林晚毫不在意,只抱著安安往裡走,外面玩了這麼久,這孩子肯定也餓了。
又摸了摸安安的小屁屁,發現尿布鼓鼓的,明顯滿了,這小子,居然沒吭一聲。
“馬嬸,我先進去給安安餵奶,待會兒要是秦伯將東西送過來,你整理一下,該放哪放哪。”
說著也不等馬婆子回答,就抱著孩子進了屋。
馬婆子正要跟上去呢,聽見夫人的話,腳步瞬間停下:“知道了夫人,老奴就在院子裡等著。”
前院,宸熙堂。
院子裡的幾株松柏高大粗壯,遮蔽了大半個院子,哪怕正午的陽光也很難透射進來,顯得幽深靜謐。
軒轅翊進入書房後,直接坐在書案前開始處理公務。
他面前堆著幾摞文書,有各處送來的緊急情報,也有日常政務的彙報。
其他的都可以先放在一邊。
有關南宮璟相關的事物定然要第一時間處理。
尤其是對方私下豢養的兩股勢力,影衛和暗格,以及那些遍佈整個大晉的秘密據點,必須一一清除,不能留下任何後患。

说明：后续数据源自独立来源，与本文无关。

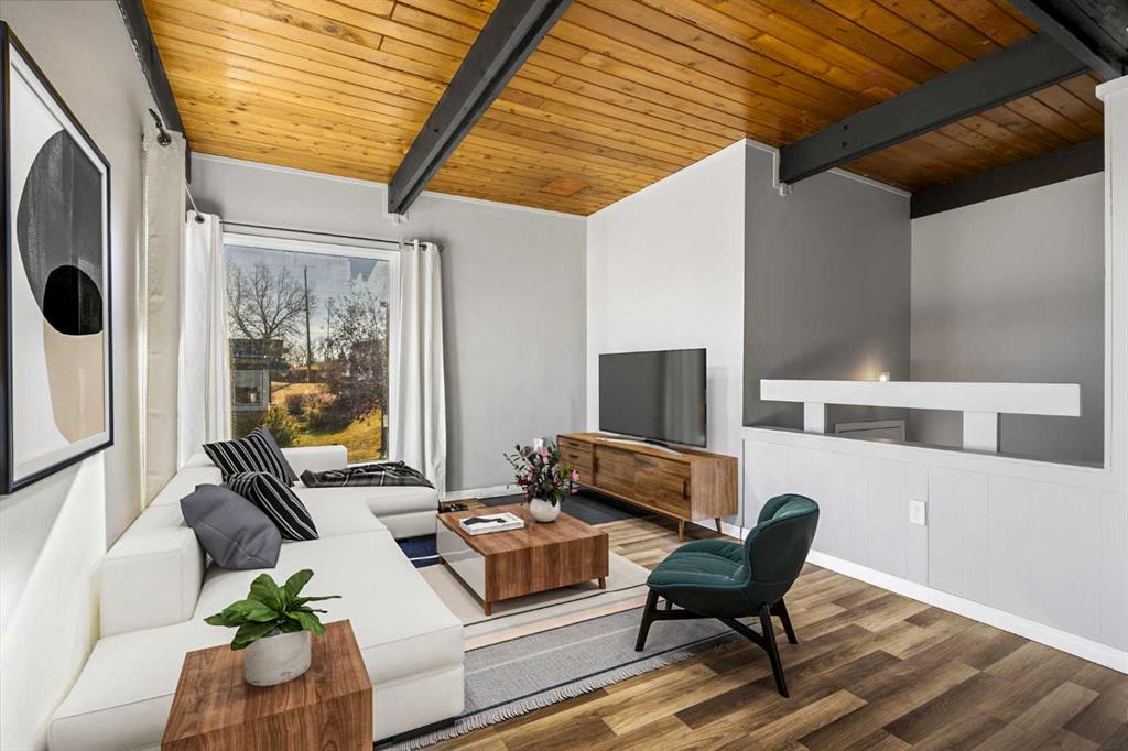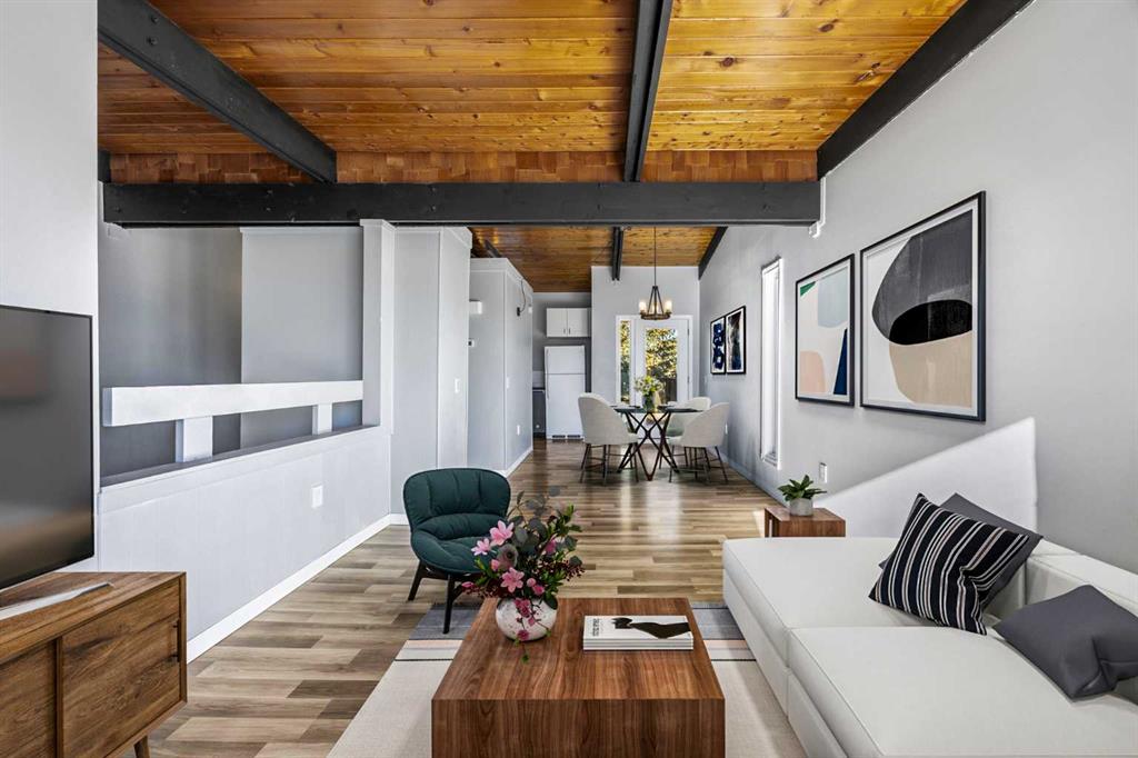 RENOVATED Bi-Level Townhome BACKING Onto a PARK with Exposed Wood Beams & LOW Condo Fees!! Welcome to this warm and inviting bi-level townhome, perfectly tucked away in one of the MOST DESIRABLE locations in the complex — backing directly onto a beautiful park surrounded by mature trees. From the moment you walk in, you’ll be captivated by the SOARING VAULTED CEILINGS and exposed wood beams, adding timeless character and an undeniable sense of charm.
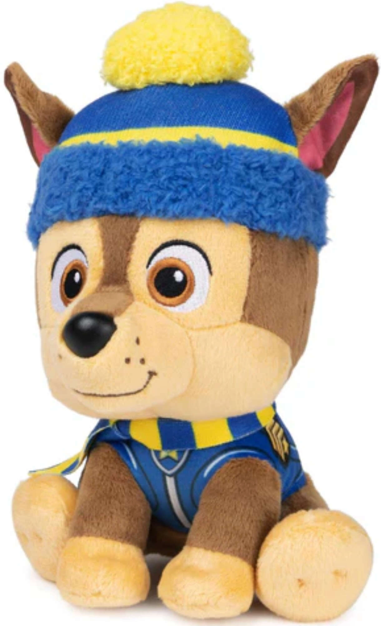 CHASE luce su típico uniforme policial azul, complementado con gorro de invierno con pompón y bufanda con los colores del equipo. Gracias a su tamaño compacto, los niños pueden llevarlo fácilmente al cole, de excursión o a la cama. El compañero perfecto para el juego simbólico, el desarrollo de la imaginación y la alegría diaria.

雖然東風和北風還在調查真相,無法確定南宮璟是否真的是大夏二皇子慕容璟。
但其實結果已經八九不離十,只是需要一個確切的證據。
軒轅翊眼神冷冽,迅速在文書上批註,將涉及南宮璟勢力的情報一一圈出來。
隨後又寫下幾道密令,封好後交給暗衛,命他們火速送往各處執行。
隨後又拿起另一份文書翻看,是黑甲衛接手京城防務後,各地盤查的可疑人員名單。
目光飛速掃過,微微皺眉。
沒發現慕容璟的蹤跡。
那個男人就像人間蒸發了一樣,生不見人死不見屍。
要麼是躲在甚麼地方沒找到,要麼是經過易容偽裝,走了一條不尋常的路線逃離了大晉。
按照慕容璟的聰明才智和謹慎,後者的可能性很大。
“咚咚……”
書房的門突然被人敲了幾下。
“進來。”
軒轅翊頭也沒抬,繼續翻看手裡的密報。
東風推門進來,滿身塵土,衣裳皺巴巴,頭髮也有點亂,明顯沒有梳洗就急急過來了。
眼底更是青黑一片,也不知道多久沒閤眼。
他雙手呈上一本厚厚的手札:“主子,屬下查過了,從南宮璟出生到現在的所有變化,事無鉅細全部記錄在裡面。”
軒轅翊聞言放下手裡的密報,接過手札翻開。
東風退到一邊站著,忍不住打了個哈欠,眼淚都飆出來了,又趕緊捂住嘴,生怕在主子面前失儀。
軒轅翊翻著手扎,瞟了東風一眼:“困了就去歇著,本王這裡不缺打哈欠的門神。”
東風一個激靈,趕緊把手放下,瞬間站的筆直:“主子,屬下不困,真不困。這打哈欠就跟打噴嚏似的,說來就來,擋都擋不住,您可千萬別趕屬下走啊,屬下還等著聽您吩咐呢。”
軒轅翊嘴角微微一抽,懶得搭理他,繼續翻看手札。
越看眉頭皺得越緊,這南宮璟小時候性子悶,不愛出門,跟同齡的公子哥兒們玩不到一塊兒去。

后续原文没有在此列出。